Sin embargo, lo que realmente ha despertado la molestia de todos los mexicanos es la posición tan aguada –como se dice popularmente– del presidente de la República y sus funcionarios, dado que son ellos los principales responsables de la tragedia del lunes. El presidente, contrario a sus posturas más radicales cuando de tragedias se trata (los 43 de Ayotzinapa y la guardería ABC), se limitó a expresar condolencias y decir que se investigaría, obviando el hecho de que sus funcionarios están directamente relacionados con el caso. Los responsables, por otro lado, amparados en el cobijo del presidente, tuvieron el descaro de decir que “se llegaría hasta las últimas consecuencias para dar con los responsables”.
La crisis económica, social y política en México, pues, se está agudizando hasta un punto de no retorno.

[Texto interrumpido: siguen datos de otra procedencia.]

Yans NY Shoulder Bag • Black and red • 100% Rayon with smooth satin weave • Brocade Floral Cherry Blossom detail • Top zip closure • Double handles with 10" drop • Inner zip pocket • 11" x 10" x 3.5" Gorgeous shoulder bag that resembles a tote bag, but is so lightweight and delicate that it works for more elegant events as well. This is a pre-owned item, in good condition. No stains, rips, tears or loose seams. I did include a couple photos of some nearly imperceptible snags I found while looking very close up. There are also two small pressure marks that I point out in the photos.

El sistema mexicano, visto como un organismo vivo, está trabajando como respiración asistida, está al borde del colapso total. ¿Cuánto más aguantará el pueblo de México antes de la llama sea incontenible? Espero, sinceramente, que no lleguemos a ese punto.
Conocidos los grandes problemas por los que atraviesa hoy Latinoamérica, podemos ver que el común denominador es que los gobiernos elegidos no han respondido, ni responderán, a los grandes y graves problemas que tienen los pueblos, porque no es su prioridad lograr el bienestar social ni alcanzar una vida digna para todos sus ciudadanos, sino solamente la de servir a los poderosos potentados y los grandes consorcios empresariales y, en algunos casos (como en México), servirse a sí mismos del poder.

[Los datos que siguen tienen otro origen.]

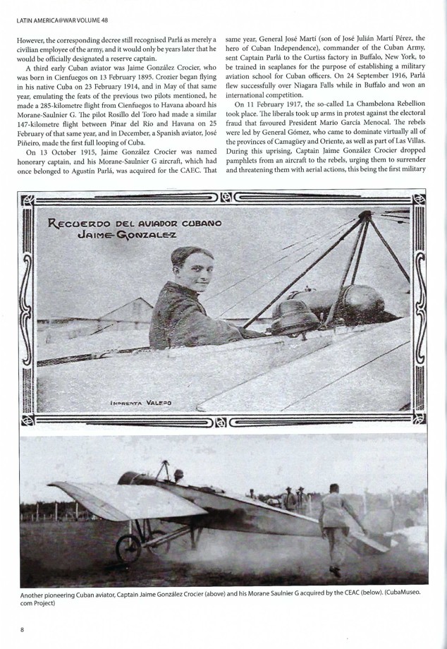 This first volume Cuban Aviation from Hélio Higuchi and Antonio Luis Sapienza Fracchia kicks off with hot air balloon flights in 1828. The first Cuban born aeroplane pioneer was Captain Jaime Gonzalez Crocier is shown at the center of Page 8. Crocier had traveled to France to study at Bleriot’s flying school in Chateaufort and earned his pilot’s certificate in December 82. Captain Crocier’s first Cuban flight was on February 23, 1914, the third to fly an aeroplane in Cuba. Crocier is also responsible for the first flight accident in Cuban as he managed to slam into an electric pole, damaging his aircraft. The photograph at the bottom of the page is Crocier’s Morane-Saulnier G [previously owned by Augustine Parlah] that would be the second military aircraft in Cuba. Crocier would drop leaflets during the Rebellion of the Chambeloneros in February 1917. Sadly, Crocier would die in a plane crash on July 4, 1920, shortly after take-off. Today, Crocier is remembered with his name on a small international airport near Cienfuegos, "Aeropuerto Jaime Gonzales".

Por eso, si los gobiernos no están con el pueblo, el pueblo debe hacerse gobierno. Dejemos de esperar que los dioses provean, que las clases acomodadas velen por nuestro bienestar; nosotros, los de abajo, tomemos el poder en nuestras manos para servir con él a nuestros hermanos de clase. Ésa es la única solución para apagar el incendio en que se encuentra América Latina. México podrá dar sus primeros pasos en las elecciones del próximo 6 de junio al apoyar a los candidatos verdaderamente reconocidos con el pueblo, independiente de los colores que lleven en la contienda. La patria nos lo demanda, allá nosotros si hacemos caso omiso.